Fri. Jul 10th, 2020

Microsoft still has not completely solved the Microsoft JET database engine vulnerability

2 min read

Microsoft’s routine security update released this month has fixed multiple security issues in the system, but the Microsoft JET database engine vulnerability has not been completely fixed.

Long ago, Trend Micro Labs found that the Microsoft JET vulnerability was reported to Microsoft, but Microsoft still did not take the initiative to fix the bug in a few months.

Until last month, Trend Micro automatically disclosed the details of the vulnerability, forcing Microsoft to routinely update this month to fix security vulnerabilities in Microsoft JET.

September Patch Tuesday

Microsoft is only mitigating rather than completely fixing the vulnerability:

According to the latest analysis, security sources found that the Microsoft JET engine released by Microsoft to fix microcode can only mitigate the impact of the vulnerability.

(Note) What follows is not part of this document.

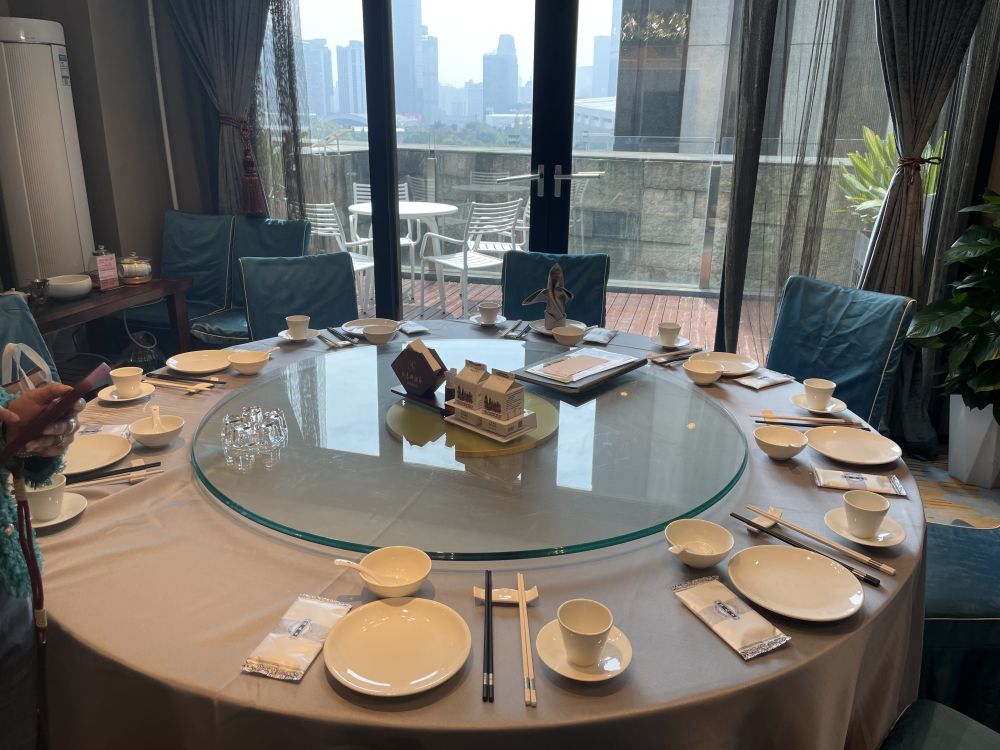 房间是这样的, 还真是胡总说的每人都有黑白两双筷子的

The vulnerability has not been completely fixed, that is, it can still be used. Microsoft JET is a widely used document database engine.

An attacker can exploit the vulnerability of Microsoft JET to execute arbitrary code remotely, so the weakness is relatively severe regarding harm.

Microsoft’s fix destroys the researcher’s plan:

After the vulnerability was released last month, Acros Security has provided an interim patch that allows users to fix the database engine after installing the patch completely.

Unfortunately, Microsoft’s microcode update this time not only did not completely fix the vulnerability but also destroyed the fixes that Acros Security provided to users.

Acros Security said it would reopen the vulnerabilities that were fixed after installing Microsoft’s latest cumulative update, which has to be supposed to be ironic.

What exactly is Microsoft doing:

First, Trend Micro found the vulnerability to expose the weakness for four months altogether, that is, Microsoft did not fix the vulnerability in four months.

It’s hard to guess what Microsoft is doing is not fixing the vulnerability, but from this micro-code update, it can be seen that Microsoft seems to be in a hurry.

So if Microsoft didn’t have time to fix the vulnerability, it might be that there were other problems. Maybe Microsoft wanted to solve the problem once.